De set bevat twee van dergelijke modules. Beide modules maken gebruik van dezelfde hete geleider. Een van hen, echter, heeft ook een comparator die, afhankelijk van de potentiometer instelling op een bepaalde temperatuur, zet de digitale output op nul. Amm Analoge uitgang is vrijwel hetzelfde signaal als de eenvoudige sensor.
Eenvoudige sensor
Sensor met vergelijkingsmeter
Karakteristiek
De NTC is een weerstand die de weerstandswaarde verlaagt bij verhitting. Om de temperatuur met de NTC te meten en niet alleen bij een bepaalde temperatuur te schakelen, heb je de karakteristieke curve nodig. Het diagram toont de weerstandswaarde in kOhm (blauw) en (1024 - initiële waarde) gelezen met analogRead (rood);
Men kan door de gebruikte voltageverdeler zien, is de outputspanning stuk voor stuk lineair.
Bepaling van een correctiecurve:
Met een eenvoudig circuit kunnen we proberen een correctiecurve te bepalen.

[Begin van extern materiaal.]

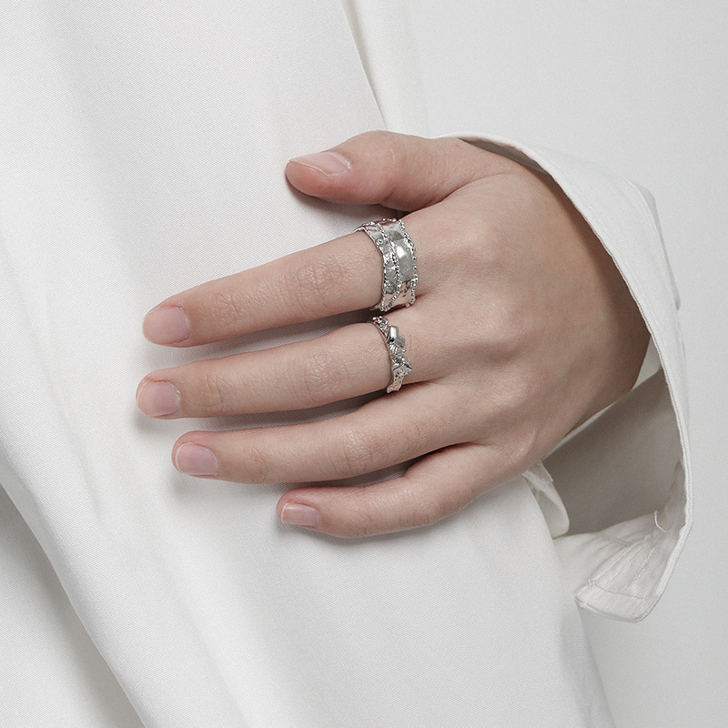 韩版ins小众设计感极简不规则宽面高级质感S925纯银开口戒指女生

Hiervoor gebruiken we de eenvoudige hot conductor sensor en de DS18B20 als referentie. We verbinden de middelste pinnen van beide modules met +5V op de Arduino en de pinnen van beide modules met GND. We verbinden de S-pin van de NTC module op A0 en de S-pin van de DS18B20 module op D2. Zodat we dezelfde temperatuur krijgen voor beide sensoren, verbinden we ze als de volgende afbeelding laat zien.
Laten we nu het volgende programma uploaden naar de Arduino. En sluit de pin 8 op de Arduino aan met Ground om de output te stoppen.
* Hete geleider en vervolgens test ze
* Een DS18B20 sensor wordt gebruikt voor referentie
*/
#include <OneWire.h>
#include <DallasTemperature.h>
Verbindingen
const byte ds18b20 = 2; referentiesensor
const byte sensor = 0; sensor te eiken
const byte output = 8; invoer om de uitvoer te onderdrukken.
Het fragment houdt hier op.